I viaggi nel tempo sono sempre stati un sogno nel cassetto per me; l’idea di poter ambientare le avventure dei miei personaggi in epoche storiche differenti mi affascina e nello stesso tempo mi atterrisce, visto la mole di documentazione necessaria per costruire delle vicende credibili sul piano storiografico. Per un autore è difficile individuare una precisa fonte per le sue opere. Spesso esse si mescolano in un amalgama eterogeneo in cui confluiscono letture dell’infanzia, personaggi attuali e classici, film, telefilm e qualsiasi cosa possa aver fornito uno scampolo di ispirazione. Per “Gea” dissero che mi ero ispirato a “Buffy l’ammazzavampiri”, ma chi se l’è mai filata quella sciacquetta? Piuttosto “Pippi Calzelunghe”, un mio cult dell’infanzia!
Quanti sono gli albi previsti?
Il contratto è decennale quindi è previsto un massimo di 20 numeri, come era per Gea, anche se poi l’ho terminata al 18°.
Luca Enoch 'sfonda' dopo aver dato vita a Gea, personaggio dei fumetti pubblicato dal 1999 al 2007. È l'unica serie Bonelli in cui sceneggiatore e disegnatore coincidono. È stato dura dire addio a Gea dopo 18 numeri?
I figli a un certo punto bisogna lasciarli andare. Così è stato per “Sprayliz”, la diciassettenne graffitara, e poi per Gea. Mi piace pensare di potere riprendere questi personaggi in futuro, e la cosa è certamente possibile, ma la verità è che finché lo spirito creativo ti sferza, sei sempre spinto verso nuovi esperimenti narrativi.

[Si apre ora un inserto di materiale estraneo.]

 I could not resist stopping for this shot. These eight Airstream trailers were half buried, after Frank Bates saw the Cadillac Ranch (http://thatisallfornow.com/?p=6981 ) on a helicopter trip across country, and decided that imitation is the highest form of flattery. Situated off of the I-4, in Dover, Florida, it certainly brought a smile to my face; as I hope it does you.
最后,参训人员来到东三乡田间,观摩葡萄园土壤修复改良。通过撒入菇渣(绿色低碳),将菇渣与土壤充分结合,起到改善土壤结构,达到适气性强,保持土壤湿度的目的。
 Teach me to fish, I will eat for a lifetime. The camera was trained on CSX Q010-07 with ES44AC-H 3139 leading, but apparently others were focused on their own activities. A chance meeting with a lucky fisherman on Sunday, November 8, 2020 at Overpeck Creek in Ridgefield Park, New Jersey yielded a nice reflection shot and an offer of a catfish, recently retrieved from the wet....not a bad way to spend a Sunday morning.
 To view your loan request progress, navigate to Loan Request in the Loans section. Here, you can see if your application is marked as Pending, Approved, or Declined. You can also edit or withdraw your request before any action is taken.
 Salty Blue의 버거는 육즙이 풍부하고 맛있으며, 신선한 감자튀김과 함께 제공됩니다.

Altra figura storica di Bonelli è Legs Weaver, il primo fumetto della casa editrice milanese interamente dedicato a una donna. In che modo hai contribuito alla buona riuscita del fumetto?

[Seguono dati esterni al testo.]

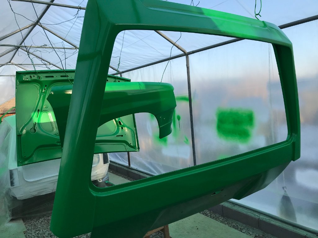 Nachdem alles fertig grundiert, gefüllert und geschliffen war, haben wir alle Teile nochmal ordentlich gereinigt und entfettet um dann endlich zu lackieren. Diesen Job hat mein Kumpel Nanoukh übernommen. (Danke für Deine Unterstützung!) Zuerst wurden die Anbauteile mit 2K Basislack in Reingrün lackiert. Anschließend die Karosserie. Das Ergebnis war für eine Garagenlackierung sehr gut geworden. Als nächstes kam noch eine Schicht Klarlack drüber. Das hat nicht so gut funktioniert, es gab ein paar Läufer und auch etwas Orangenhaut. Mit schleifen und polieren konnte man aber noch einiges wieder rausholen. Ich war begeistert wie schön sauber und gleichmäßig jetzt alles aussah. Ich konnte es nun nicht mehr abwarten mit dem Zusammenbau anzufangen.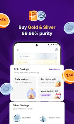 - Buy or Sell 24K Pure Gold: Assured 24K purity, build gold savings on our app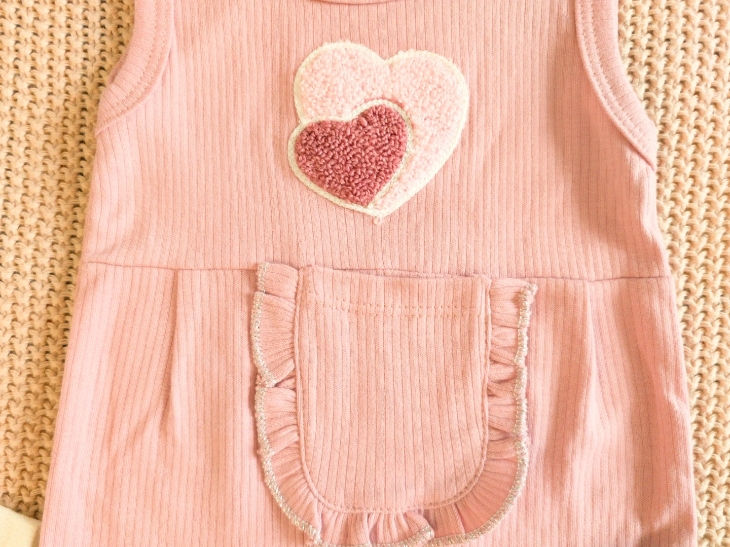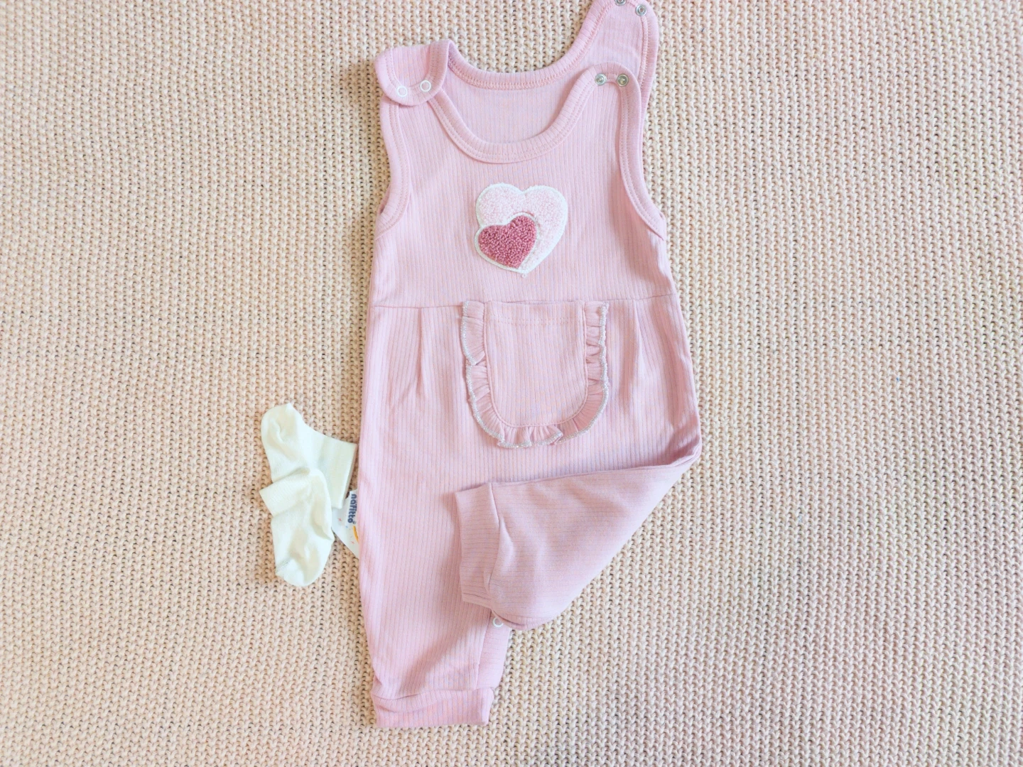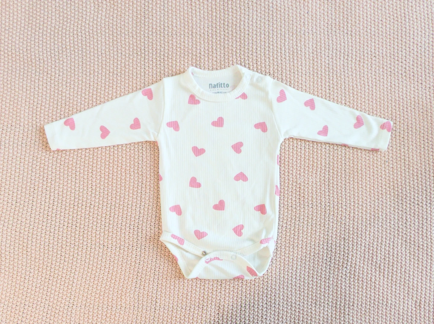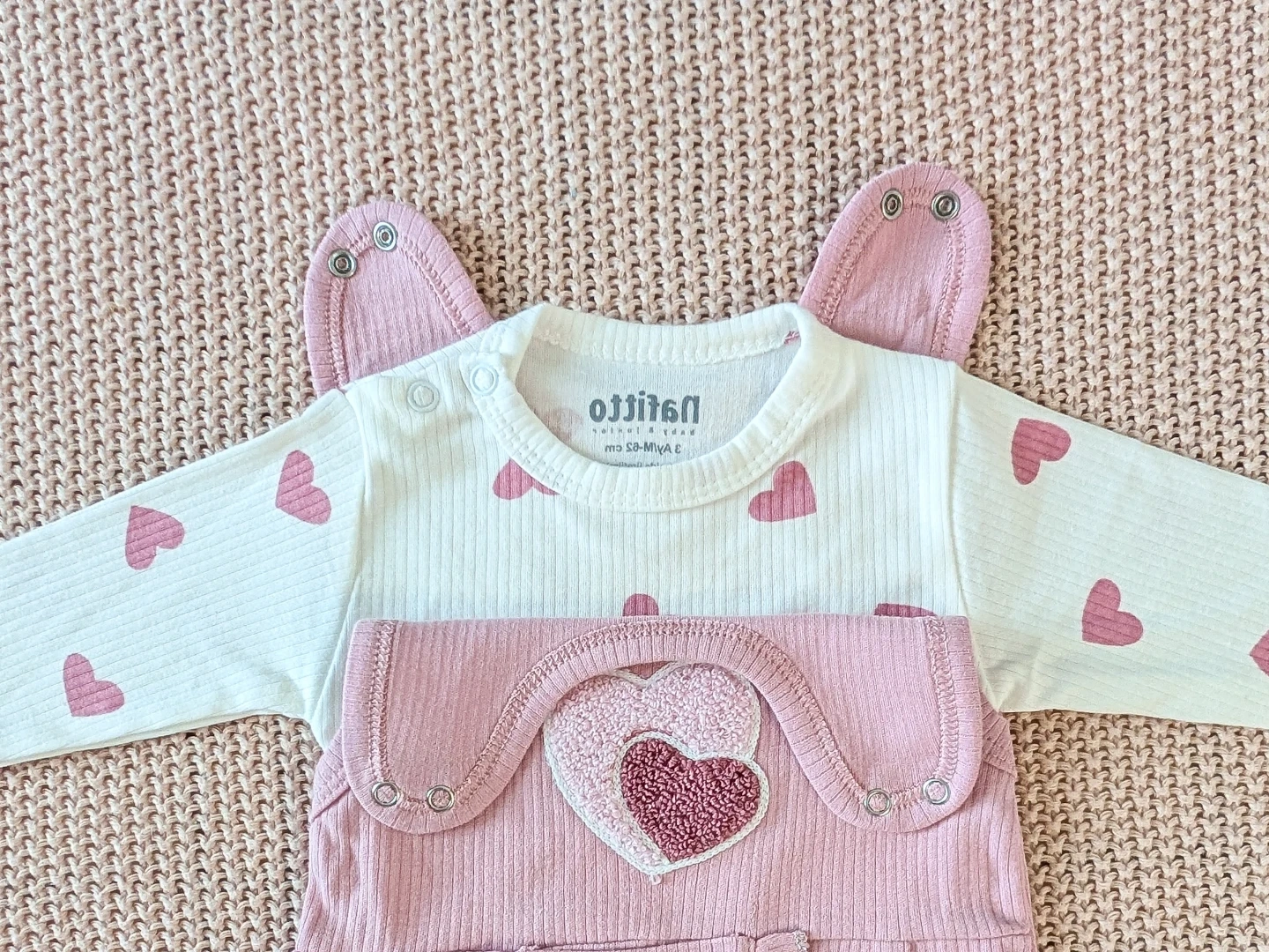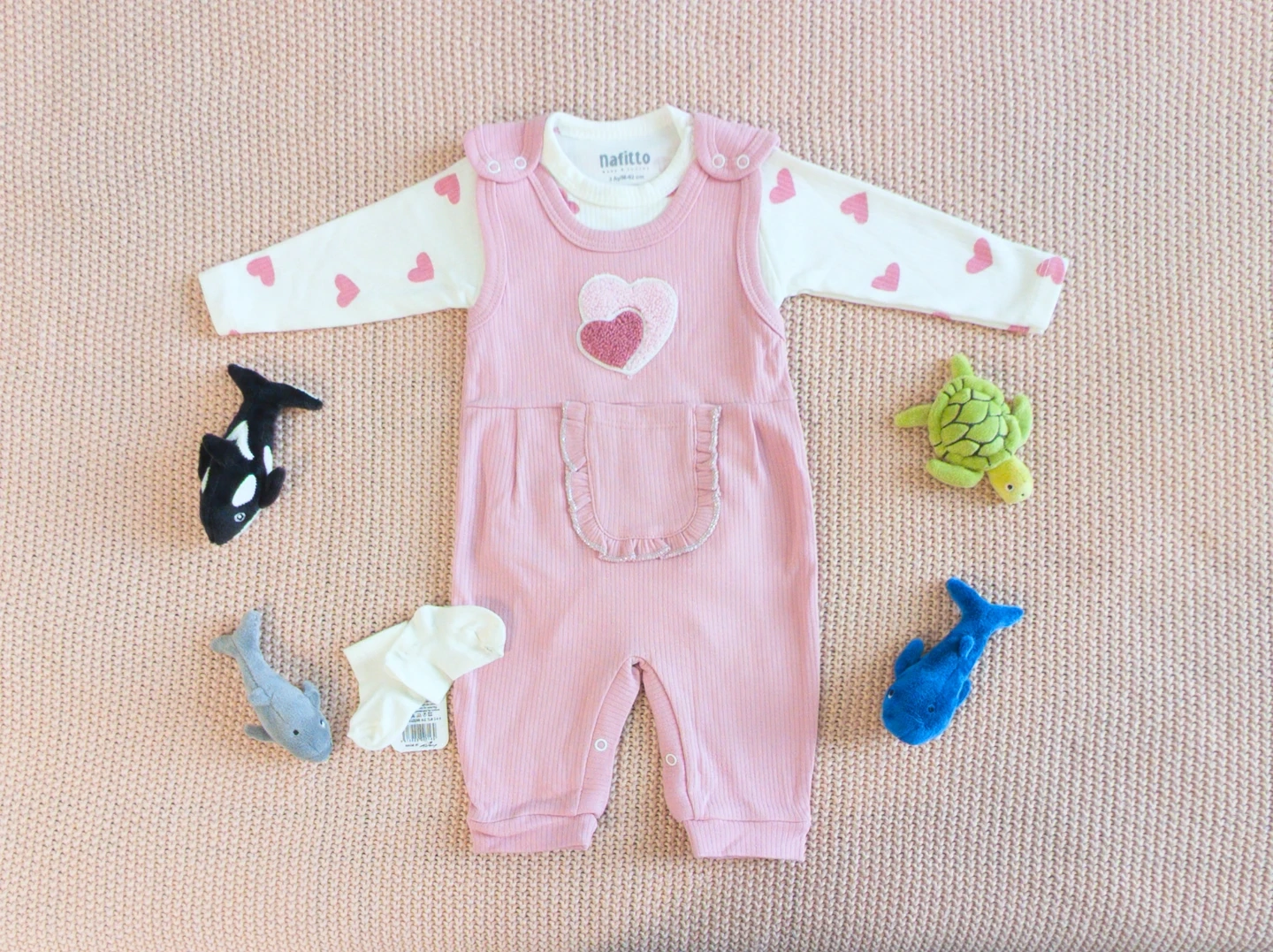 Adorable Nafitto baby set featuring a pink ribbed onesie with heart appliques and a white long-sleeved bodysuit covered in small pink hearts. It's perfect for your little one's everyday comfort and style. The onesie has a cute ruffled pocket detail.

Legs è stato il personaggio che mi ha permesso di entrare in Bonelli, dopo aver passato un decennio buono a rimbalzare tra le redazioni. La spin off pensata da Antonio Serra era molto nelle mie corde, non assomigliava al comprimario serioso di Nathan Never; dava spazio a molte interpretazioni, anche grafiche, e questo ha “sdoganato” il mio tratto poco realistico e mi ha dato la possibilità di scrivere e sceneggiare alcuni episodi. Dopo questa esperienza come autore unico arrivò l’offerta di Bonelli per una serie a fumetti interamente autogestita.

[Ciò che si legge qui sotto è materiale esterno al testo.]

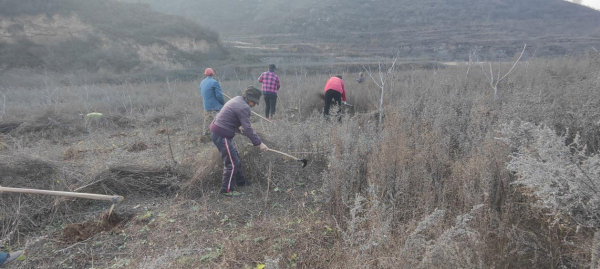(林州市東崗鎮(zhèn)連翹種植基地,采用人工清理或機(jī)械作業(yè)的方法,清除林下可燃物,以滿足林下種植條件。)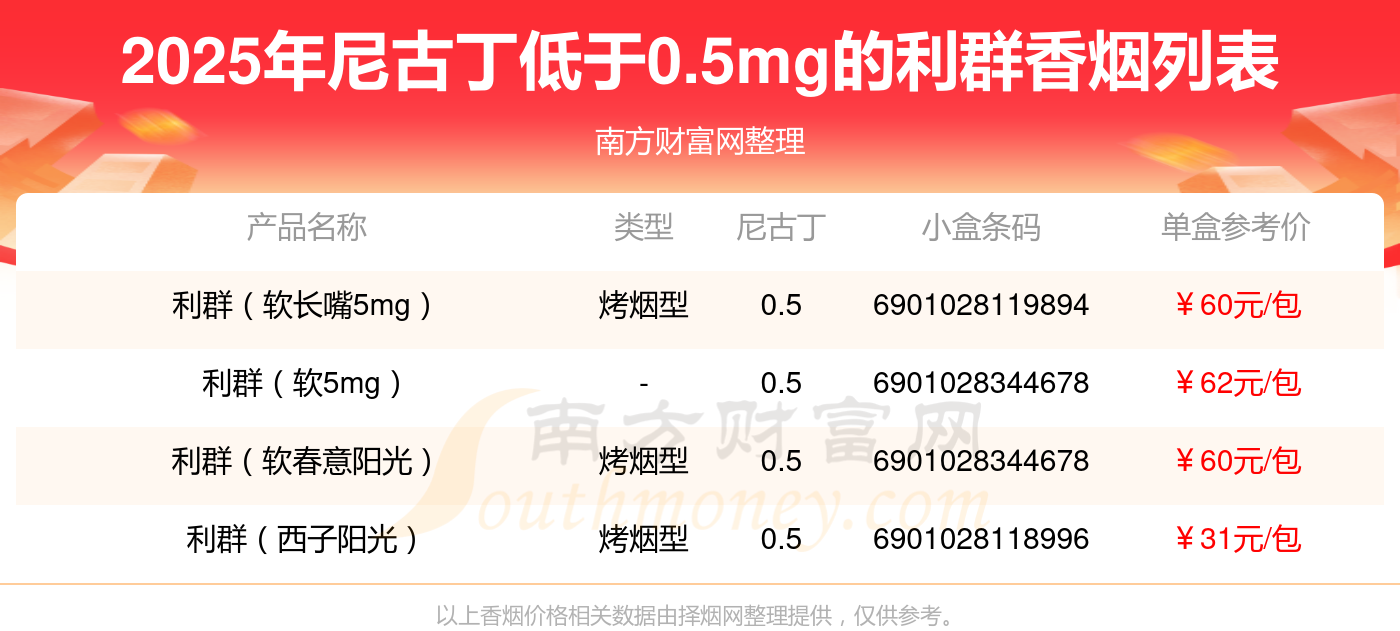 利群香烟尼古丁低于0.5mg的烟分别有利群(软长嘴5mg)参考价60.0元/包、利群(软5mg)参考价62元/包、利群(软春意阳光)参考价60.0元/包、利群(西子阳光)参考价31.0元/包等。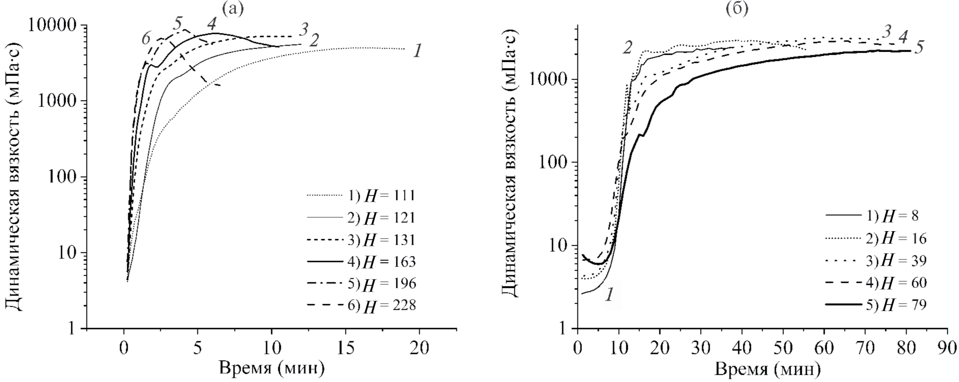 Рис. 8. Изменение динамической вязкости в процессе гелеобразования золя-прекурсора ЦТС, полученного золь-гель методом на основе различных дисперсионных сред и осаждающих агентов: МЭ + H2Oдист (а), УК + ЭГ (б). Значения Н приведены в поле рисунков.

Nel 2001 pubblichi per l'editore francese Les Humanoides Associès, Morgana, saga tecno-fantasy. Hai in programma altri lavori oltralpe?
Con gli Humano abbiamo avuto, Mario Alberti ed io, una brutta esperienza. Morgana si è fermata al quarto albo, con il quinto già in lavorazione, a causa delle difficoltà finanziarie della casa editrice. Io ho avuto una storia giallo-storica – “Rangaku” - disegnata da Maurizio Di Vincenzo, troncata a metà e un’altra serie con un disegnatore esordiente, Matteo Lolli, abortita con il primo albo quasi concluso. Per ora Lilith, a cui si aggiunge il lavoro di sceneggiatore per Dragonero, assorbe tutto il mio tempo; ho in cantiere un impegnativo progetto di graphic novel per la Rizzoli, ma finché non ho il contratto firmato in mano non ne parlo!
Che rapporti hai con gli altri disegnatori della tua generazione?
A parte parlarci male alle spalle e rubarci le idee a vicenda? E chi li vede mai? Io sto tutto il giorno nel mio studio/loculo a inventare storie inverosimili…
Ti piace Carlo Ambrosini?
È un bell'uomo. Mascella volitiva e spalle larghe. Ma credo proprio sia eterosessuale quindi non farci su delle fantasie.
Preferivi Napoleone o Jan Dix?
Non si fa! Come chiedere a un mio collega se preferiva Gea o gli piace di più Lilith. Ce le leghiamo al dito queste cose!
Se un adolescente dovesse confidarti il suo sogno di voler fare il fumettista, cosa gli diresti?
Dipende dall’apostrofo. Se è un adolescente gli dico di lasciar perdere, che è un mestiere senza futuro, che è meglio che si dedichi allo studio di videogiochi o di applicazioni grafiche per la telefonia. Se è un’adolescente mi offro di farle da mentore. Ho 47 anni… la crisi di mezza età incombe!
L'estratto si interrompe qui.